▶ **WHAT THE EXERCISE ASKS**
In the entries below, find the line containing "Here's to a" and the line containing "Stay Home if You Are Sick". Copy those two lines and everything between them exactly, without the pictures.

▶ **THE INPUT**

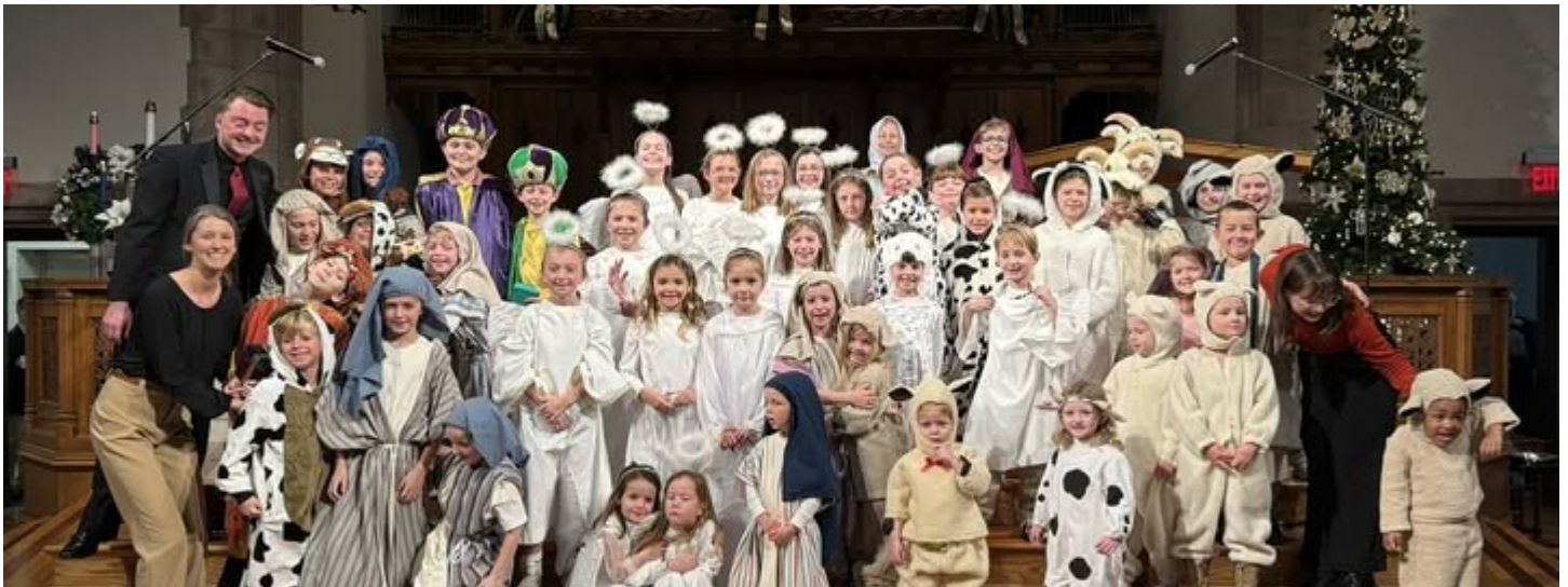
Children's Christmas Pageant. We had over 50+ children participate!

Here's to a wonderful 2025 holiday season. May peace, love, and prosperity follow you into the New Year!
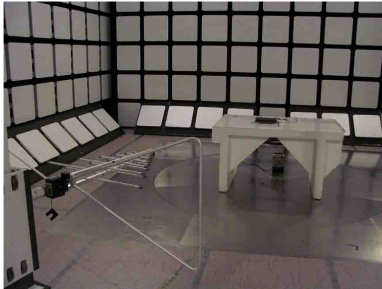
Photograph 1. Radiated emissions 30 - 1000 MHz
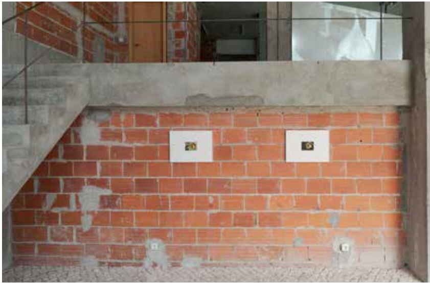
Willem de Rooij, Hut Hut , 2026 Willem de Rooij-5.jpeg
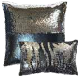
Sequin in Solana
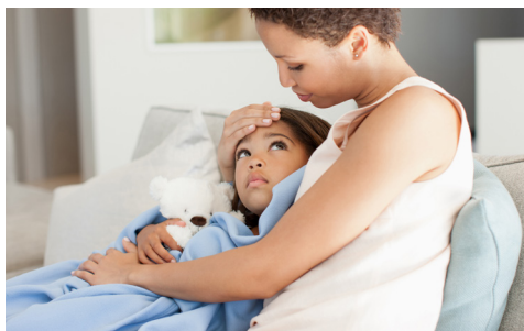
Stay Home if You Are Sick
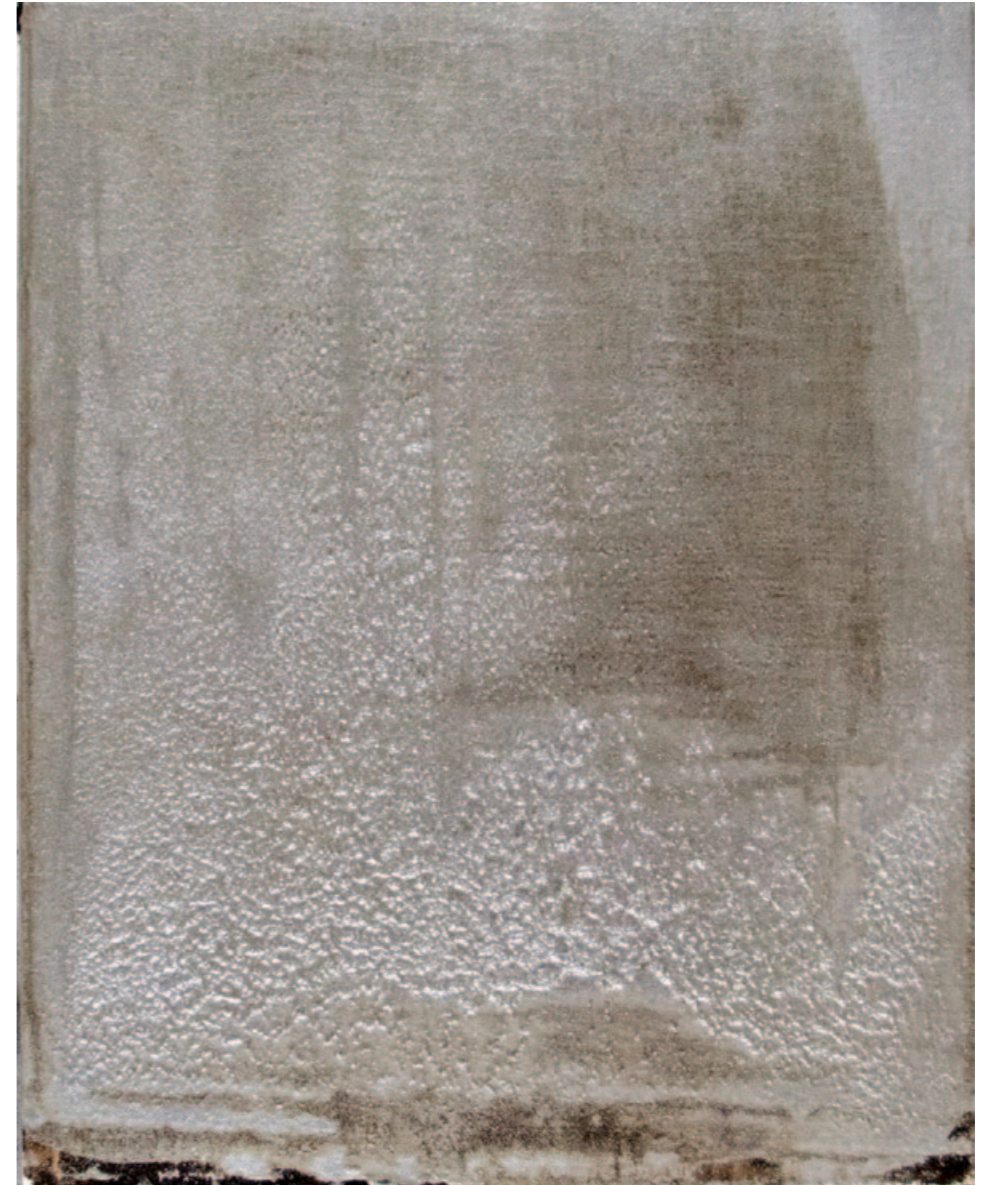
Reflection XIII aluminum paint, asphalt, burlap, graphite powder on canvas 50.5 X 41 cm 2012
...
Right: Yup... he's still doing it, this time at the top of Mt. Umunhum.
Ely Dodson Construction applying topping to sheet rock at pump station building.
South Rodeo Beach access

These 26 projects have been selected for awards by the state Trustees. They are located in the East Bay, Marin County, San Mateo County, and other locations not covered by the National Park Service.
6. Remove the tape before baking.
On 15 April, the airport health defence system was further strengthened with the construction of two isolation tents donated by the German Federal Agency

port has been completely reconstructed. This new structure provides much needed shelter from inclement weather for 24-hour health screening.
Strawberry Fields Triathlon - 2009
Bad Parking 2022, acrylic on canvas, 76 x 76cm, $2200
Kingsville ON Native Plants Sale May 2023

▶ **WRITTEN ANSWER**
Here's to a wonderful 2025 holiday season. May peace, love, and prosperity follow you into the New Year!
Photograph 1. Radiated emissions 30 - 1000 MHz
Willem de Rooij, Hut Hut , 2026 Willem de Rooij-5.jpeg
Sequin in Solana
Stay Home if You Are Sick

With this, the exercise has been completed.